Eufemiano Fuentes vê-se mais como um benfeitor do que malfeitor. Segundo o próprio, em testemunhos antigos, o desporto de alta competição não é coisa saudável e tudo o que ele faz é "salvar a vida a muitos ciclistas" da morte certa. Porquê? Porque subir montanhas dia sim, dia sim, não era humano.
Vai daí, Fuentes organizou um esquema de doping (EPO, transfusões de sangue) que, quando descoberto, deu origem ao caso "Operação Puerto", uma das "redes mais extensas da história do desporto", como escreveu o "The Telegraph". Ao pé do que a seguir se descreve, o esquema de Lance Armstong parece quase amador.
Em 2006, a Guardia Civil espanhola fez uns quantos raides aos escritórios de Fuentes e descobriu sacos de sangue congelado com nomes de código como 'Bella', 'Filho de Ryan' e 'Zapatero'. Tyler Hamilton, Ivan Basso e Jan Ullrich foram apanhados e suspensos. Até aqui tudo normal: lá estava o ciclismo envolto num manto de drogas e de mentiras.
Só que, depois, apareceu Jorge Jackshe, outro dos implicados na história, que disse o seguinte: "É lógico que ele [Fuentes] estava envolvido noutros desportos. E quando falávamos disso, ele mostrava-se orgulhoso. Se virem os vídeos feitos pela polícia, vão ver os nomes de código nos sacos de sangue a identificar os atletas - só que estes nomes nunca aparecem e isso é porque o Governo de Espanha está a encobrir os factos."

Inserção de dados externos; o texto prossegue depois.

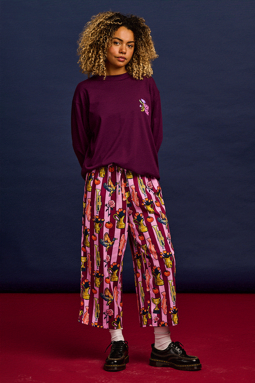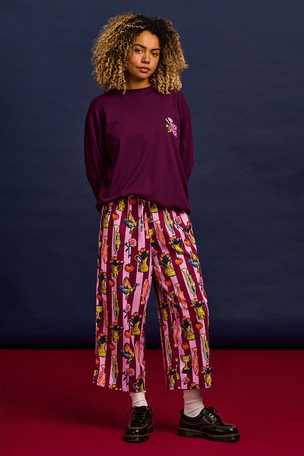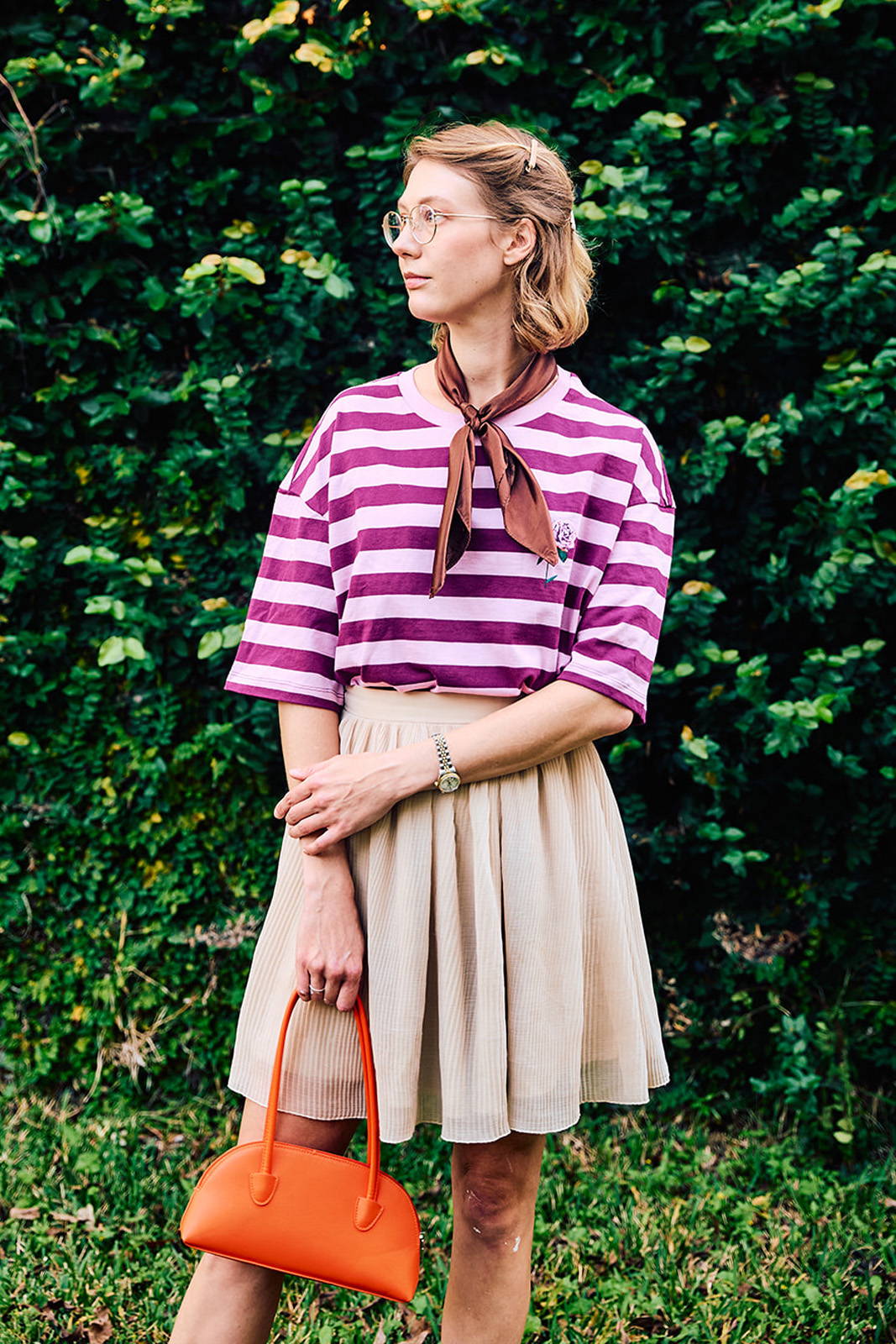 The collection’s signature stripes bring this world vividly to life. A soft light pink balances a deep mulberry, capturing the light and the dark of the autumn season. ‘I love how these two colors interact,’ Emily shares. ‘The combination feels playful and cosy, carrying the subtle shift of seasons where everything glows a little warmer.’ The pink adds freshness and lightness; the mulberry lends richness and grounding depth.

Também em 2006, Eufemiano Fuentes deu uma entrevista ao "Le Monde" em que garantiu ter trabalhado com futebolistas do Real Madrid, Valência, Barcelona e Bétis, entre outros. Pouco depois, o Barcelona processou o jornal francês que, sem provas físicas, ficou de mãos atadas.
Mas as suspeitas sobre Fuentes e o futebol espanhol não se ficaram por aí: quando foi encarcerado preventivamente, em 2010, o companheiro de cela garantiu que o ouviu dizer: "Se eu fosse dizer o que sei, adeus Campeonato da Europa e adeus Mundial". Os indícios são fortes.
O julgamento e a recusa
O julgamento da "Operação Puerto" começou na segunda-feira, em Espanha, e tem Eufemiano Fuentes como figura central. O Governo espanhol, escrevem os jornais, só está interessado nos factos relacionados com o doping no ciclismo, pelo qual Fuentes é acusado de ameaça à saúde pública - porque as provas recolhidas reportam a um tempo em que o doping não era considerado crime em Espanha.
Oiçam o que Fuentes confirmou em tribunal: "Em 2006, tratei tenistas, atletas, futebolistas e pugilistas. Os sacos [cerca de 200] têm um código numérico e por vezes siglas", confessou o médico, que parece estar num momento catártico. "Isto trouxe-me muitos problemas, à minha família, e o meu pai morreu por causa disto", lamentou.
Eufemiano Fuentes parece estar pronto a abrir o jogo. Na segunda audição, o médico entrou a matar: "Se me derem uma lista com os códigos dos sacos, eu identifico toda a gente que aí está." E agora entramos no mundo do surrealismo. A juíza, Julia Santamaria, perante a vontade de Fuentes, disse que não estava interessada em saber.
Os representantes do CONI (Comité Olímpico Italiano) e da AMA (Agência Mundial Antidopagem) não quiseram acreditar: "Primeiro, os espanhóis recusam-se em fornecer-nos as provas materiais. E agora a juíza recusa-se a perguntar a Fuentes os nomes que ele mesmo se propôs a entregar. É incompreensível."
A juíza defendeu-se, garantindo que não impediria de Eufemiano Fuentes relevar os nomes mas que o não forçaria a tal, porque "infringiria os direitos" das pessoas implicadas no processo.
O julgamento da "Operação Puerto" continua.
Será que o segredo da Espanha ser grande dominadora em quase todas as modalidades - nomeadamente no futebol - vai ser descoberto?